Felicity Barnes: the best is history

Felicity Barnes knows how hard her colleagues in history work and the value of their research. She’s behind a new $500,000 History Innovation Fund she hopes can help.

Dr Felicity Barnes
Dr Felicity Barnes: 'The thing about New Zealand history is there's so much more to learn.' Photo: Elise Manahan

After a year away from teaching to focus on research and her health, Dr Felicity Barnes was excited to get back into the classroom and to be mingling with colleagues.

“I’ve really enjoyed being back teaching. I’ve been concentrating on my research for the past six months, so it’s been good to be actively engaged with the students face-to-face.”

What happened next, a few days after this conversation, was a closed campus and a move to online teaching, but not before Felicity had shared some good news with her history colleagues in the Faculty of Arts.

She and husband Michael Whitehead have donated $500,000 to set up the History Innovation Fund, which will initially support a postdoctoral fellow in New Zealand history for 2021 as well as numerous other initiatives to improve research outputs in New Zealand history.

If there’s a national problem to be written about, then let’s turn to a historian. Historians can tell us a lot about past pandemics.

Dr Felicity Barnes, lecturer in history, Faculty of Arts University of Auckland

Having recently sold two companies, Felicity says the couple was in a position to support learning, with a focus on Felicity’s passion, history.

“This was something I wanted to do, but Michael was really on board with it as an idea.

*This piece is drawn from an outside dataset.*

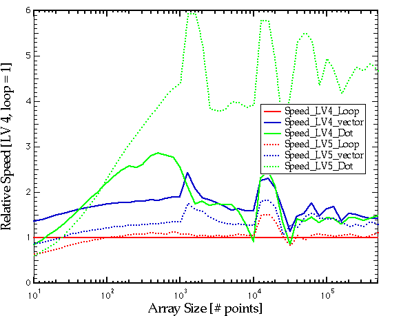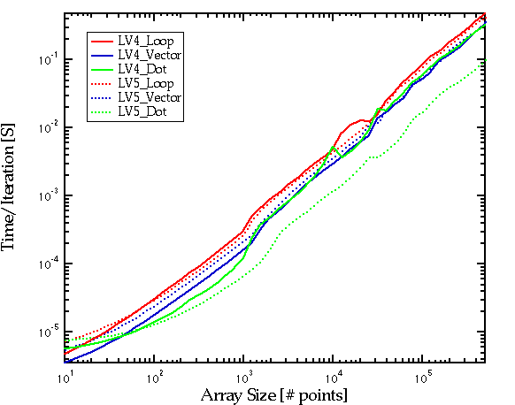 Note that the dot product has substantially been improved in LV 5. Overall it appears that LV 5 is faster than LV 4 for this operation. The built in dot product function is the fastest method as one would expect.

Both of us are alumni and we’re both products of the old-fashioned free education system. Michael’s training in computer science and commerce was directly relevant to what he did next – ultimately co-founding data analytics company WhereScape and services firm NOW Consulting. I also worked in business before returning to academia.

“What I saw upon my return was how hard academics work and how limited their resources are, compared to what you might expect if you’re working in business.”

She says academics spend years becoming specialists in their subjects, through teaching and research, but often find it tough to gain funding for what they need.

“It’s abundantly clear that the whole sector is not supported to the level that it should be by government funding.”

At a recent Town Hall gathering with staff, Vice-Chancellor Professor Dawn Freshwater explained that the unfortunate issue is that no country has its funding model right for tertiary institutions.

“That’s true,” says Felicity. “But there are more generous models than ours, even Australia.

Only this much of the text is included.